875,000 names on the 'watch list'

The U.S. government's “massive” watchlist database risks stigmatizing hundreds of thousands of people as known or suspected terrorists – including some its own citizens, a leading civil liberties group has warned.

Around 875,000 names are believed to be on the list, the American Civil Liberties Union (ACLU) said. Many are included "based on information that is often stale, poorly reviewed, or of questionable reliability," it added in a report published Friday. Moreover people are being put onto the watch list based on secret evidence and secret standards, with no meaningful process to challenge mistakes, the ACLU warned.

The consolidated Terrorist Watchlist was created in 2003, in part a response to the 9/11 attacks. It provides for a single database of identifying information on individuals suspected by the US to be potentially involved in terrorist activity.

The U.S. government has said the database is “one of the most effective counterterrorism tools for the U.S. government." But the report highlights the negative consequences for anyone finding themselves on the list. It states that traveling by air or sea can become more difficult – and individuals on the list are often subjected to invasive screening, denial of visas, detention and questioning.

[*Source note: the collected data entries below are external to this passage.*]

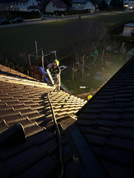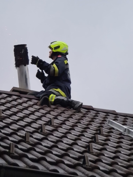 Da der zuständige Rauchfangkehrer telefonisch nicht erreichbar war, wurde über die BAZ Wiener Neustadt ein anderer angefordert. In der Zwischenzeit wurde durch einen Pernitzer Feuerwehrkameraden, der das Rauchfangkehrer Handwerk erlernt hat, begonnen, die Glut im Kamin vorsichtig mit einer Bürste zum Reinigungstürl an der Kaminsohle zu kehren. Nach dem Eintreffen des Rauchfangkehrers aus Wr. Neustadt führte dieser die Arbeiten fort und kontrollierte die nochmals die Räumlichkeiten. Da er Risse feststellte, sprach er ein Heizverbot aus, bis der örtlich zuständige Rauchfangkehrer eine Dichtheitsprüfung durchgeführt hat.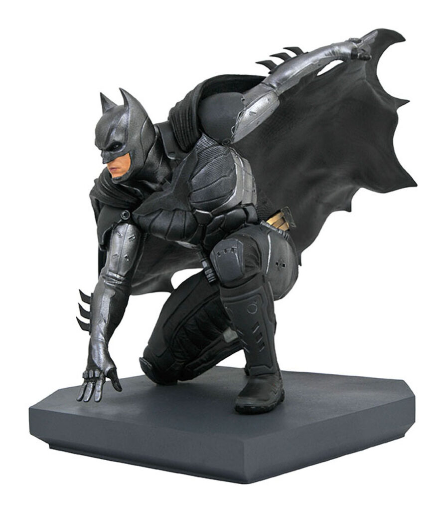 A Diamond Select Toys release! This 1:8 scale PVC diorama of Batman is based on his appearance in the game Injustice 2, and shows him striking a superhero landing in his pursuit of evil. Measuring approximately 6 inches tall, this sculpture is made of high-grade plastic and features detailed sculpting and paint applications. Packaged in a full-color window box. Designed by Shawn Knapp, sculpted by Rocco Tartamella. Formerly a GameStop exclusive. (Item #NOV192337, SRP: $49.99)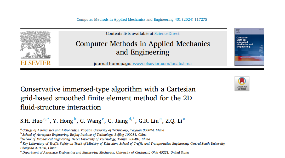 近日,公司李志强教授团队青年教师霍树浩在国际计算力学顶级期刊《Computer Methods in Applied Mechanics and Engineering》上发表研究论文。这篇论文的标题为“Conservative immersed-type algorithm with a Cartesian grid-based smoothed finite element method for the 2D fluid-structure interaction”,中文可译为“基于笛卡尔网格的二维流-固耦合守恒浸入光滑有限元法”。图1为论文首页,论文链接:https://doi.org/10.1016/j.cma.2024.117275。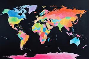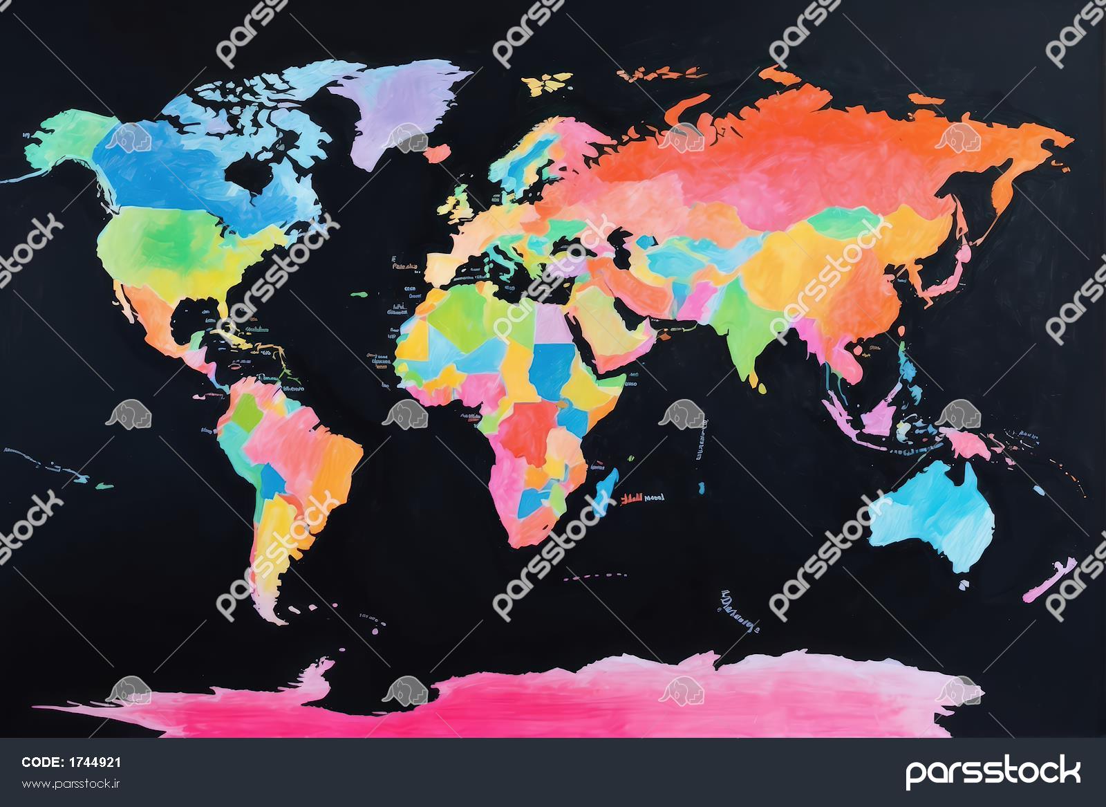 نقشه جهان با رنگ‌های متنوع و بافت آبرنگی بر زمینه مشکی، طرح شاد

Redress procedures for those who have been wrongly or mistakenly included on the list are inadequate, the ACLU said, and can result in innocent people languishing on the list without any real way to challenge their status, according to the ACLU.

What's more, the lists are "shared widely within the federal government, with state and local law enforcement agencies, and even with foreign governments," the ACLU said in a press release.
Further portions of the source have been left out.